Association between adherence to life's simple 7 metrics and risk of obstructive sleep apnea among adults in the United States

Affiliations

Association between adherence to life's simple 7 metrics and risk of obstructive sleep apnea among adults in the United States

Shuang Wu et al. BMC Psychiatry. .

Abstract

Background: We aimed to explore the impact of adherence to Life's Simple 7 (LS7) metrics on risk of obstructive sleep apnea (OSA), and the impact of inflammation on the association, in adults in the United States.

Methods: Data from 13,825 community-dwelling adults aged ≥ 20 years recruited in the National Health and Nutrition Examination Surveys (NHANES) 2005-2008, 2015-2018 was analyzed. The LS7 score was calculated based on the AHA definition of LS7 metrics. The diagnosis of OSA was based on self-reported symptoms of sleep disturbance using a standard questionnaire. The Multivariable Apnea Prediction (MAP) Index score was also calculated to assess the risk of OSA. Log-binominal regression and negative binomial regression were performed to estimate the associations between LS7 and OSA and MAP index, with odds ratios (ORs) and prevalence ratios (PRs) and their 95% confidence intervals (CIs) calculated. Mediation analysis was performed to estimate the mediating effects of inflammatory indicators on the associations.
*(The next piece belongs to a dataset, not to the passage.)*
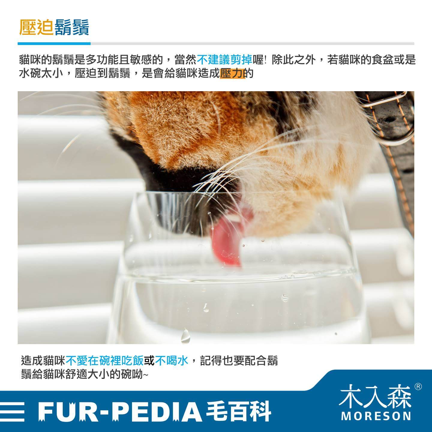 貓咪的鬍鬚是多功能且敏感的,當然不建議剪掉喔! 除此之外,若貓咪的食盆或是水碗太小,壓迫到鬍鬚,是會給貓咪造成壓力的,造成貓咪不愛在碗裡吃飯或不喝水,記得也要配合鬍鬚給貓咪舒適大小的碗呦~

Results: A total of 4473 participants (32.4%) had OSA, and the mean MAP index was 0.39. In fully adjusted log-binominal regression models, with total score < 6 as the reference, the ORs (95% CIs) for risk of OSA were 0.90 (0.73, 1.10), 0.76 (0.65, 0.89), 0.78 (0.64, 0.95), and 0.45 (0.38, 0.54) for total score = 6, total score = 7, total score = 8, and total score > 8, respectively (P for trend < 0.001). When LS7 score was analyzed as a continuous variable, each 1-point increase in LS7 score was associated with a 15% decrease in OSA risk (P < 0.001). In negative binominal regression models, the adjusted PRs (95% CIs) for the MAP index were 0.93 (0.90, 0.97), 0.87 (0.84, 0.91), 0.80 (0.77, 0.84), and 0.55 (0.53, 0.57) for total score = 6, total score = 7, total score = 8, and total score > 8, respectively (P for trend < 0.001). For each 1-point increase in LS7 score, the risk of OSA decreased by 13% (P < 0.001). Consistent results were observed in subgroup analysis. Mediation analysis indicated that inflammatory factors, including blood cell count, neutrophil count, and C-reactive protein, positively mediated the association of LS7 with OSA, with a mediation proportion of 0.022 (P = 0.04), 0.02 (P = 0.04), and 0.02 (P = 0.02), respectively.

Conclusions: In a nationally representative sample of US adults, adherence to LS7 metrics was independently associated with reduced OSA risk. Inflammation plays a mediating role in the association between LS7 and OSA.

Keywords: Inflammation; Life’s simple 7 metrics; NHANES; Obstructive sleep apnea.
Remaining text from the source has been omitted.